On the other hand, this study also found that there are some defects in the algorithm for detecting incorrect pronunciation. As shown in Figure 8, when users read the word “ROOM,” they correctly read the “R” phoneme but incorrectly inserted the “G” sound. However, the premise of mispronunciation detection is that the user only pronounces the standard phoneme corresponding to the word, so in forced alignment, the “R” phoneme will be given a low score due to the existence of the “G” sound. This kind of feedback can be confusing to users because there is nothing wrong with the “R” sound but just the insertion of the wrong sound. The main goal of the mispronunciation diagnosis task is to output the phoneme sequence of the actual pronunciation of the user and compare it with the standard phoneme sequence so as to bring the correct feedback to the user.

The task of phoneme sequence annotation can also be regarded as the task of classification on each audio frame. The classification results of all audio frames in the test set were statistically analyzed to form the confusion matrix as shown in Figure 8. It can be seen that the classification of standard phonemes is basically accurate, but the classification result of the error tag is very poor. Because the error tag is an additional tag in the L2-Arctic data set, it represents nonstandard English pronunciation phonemes in all languages. It is considered that the error tag is too broad for the deep learning model, so it is difficult for the model to learn effective information.

5. Conclusion

Deep learning of engineering English translation is the most frequently used deep learning of translation at present, but the probability of translation errors is still high. The detection effect of the detection system is poorer; therefore, a new engineering English translation deep learning error automatic detection system is designed. through the experiment data show that the design system of translation error detection accuracy is higher and misjudgment rate is low, that the system design is feasible and translation for the future development and application of deep learning provide certain help and support. The method of deep learning is adopted to classify the translation according to sentence error types, and different penalty weights are given for different error types. In the next step, the translation is scored according to the deductive criteria of manual scoring. Finally, the translation is qualitatively evaluated according to the scoring result and minimum value.

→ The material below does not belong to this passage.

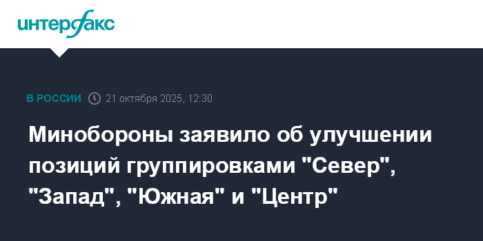 Москва. 21 октября. INTERFAX.RU - Войска группировок "Север", Запад", "Южная" и "Центр" за минувшие сутки улучшили позиции, "Восток" продвигается вглубь обороны ВСУ, сообщило министерство обороны РФ во вторник.
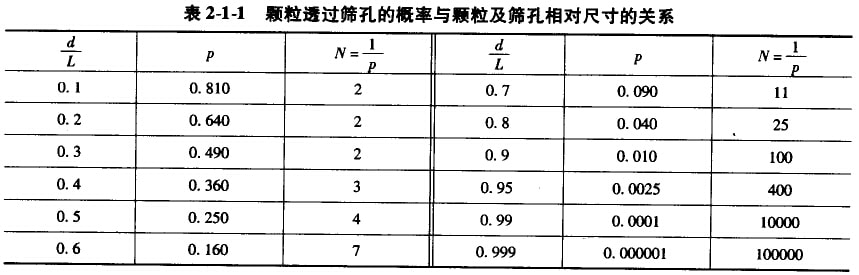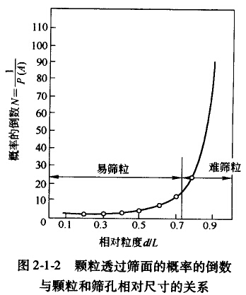 取不同的今比值計算出的P和N值,見表2—1—1。利用這些數(shù)據(jù)可畫出圖2—14的曲線。曲線可大體劃分為兩段,在顆粒直徑d小于0.75L的范圍內(nèi),曲線較平緩,隨著頹粒直徑的增大,顆粒透過篩面所需的篩孔數(shù)目有所增加。當顆粒直徑超過0.75L以后,曲線較陡,顆粒直徑稍有增加,顆粒透過篩面所需的篩孔數(shù)目就需要很多。因此,用概率理論可以證明,在篩分實踐中,把d<0.75L的顆粒稱為“易篩粒”和d>0.75L的顆粒稱為“難篩粒”是有道理的。

This method can reduce the impact of simple translation on the overall quality of batch tasks to some extent.

Data Availability

The data used to support the findings of this study are available from the corresponding author upon request.

Conflicts of Interest

The author declares that there are no conflicts of interest.

Acknowledgments

This work was supported by the Scientific Research Program and funded by the Shaanxi Provincial Education Bureau: Xi’an Tour Text Translation Strategy Research in Terms of Prototype and Model Theory (Program no. 18JK0298).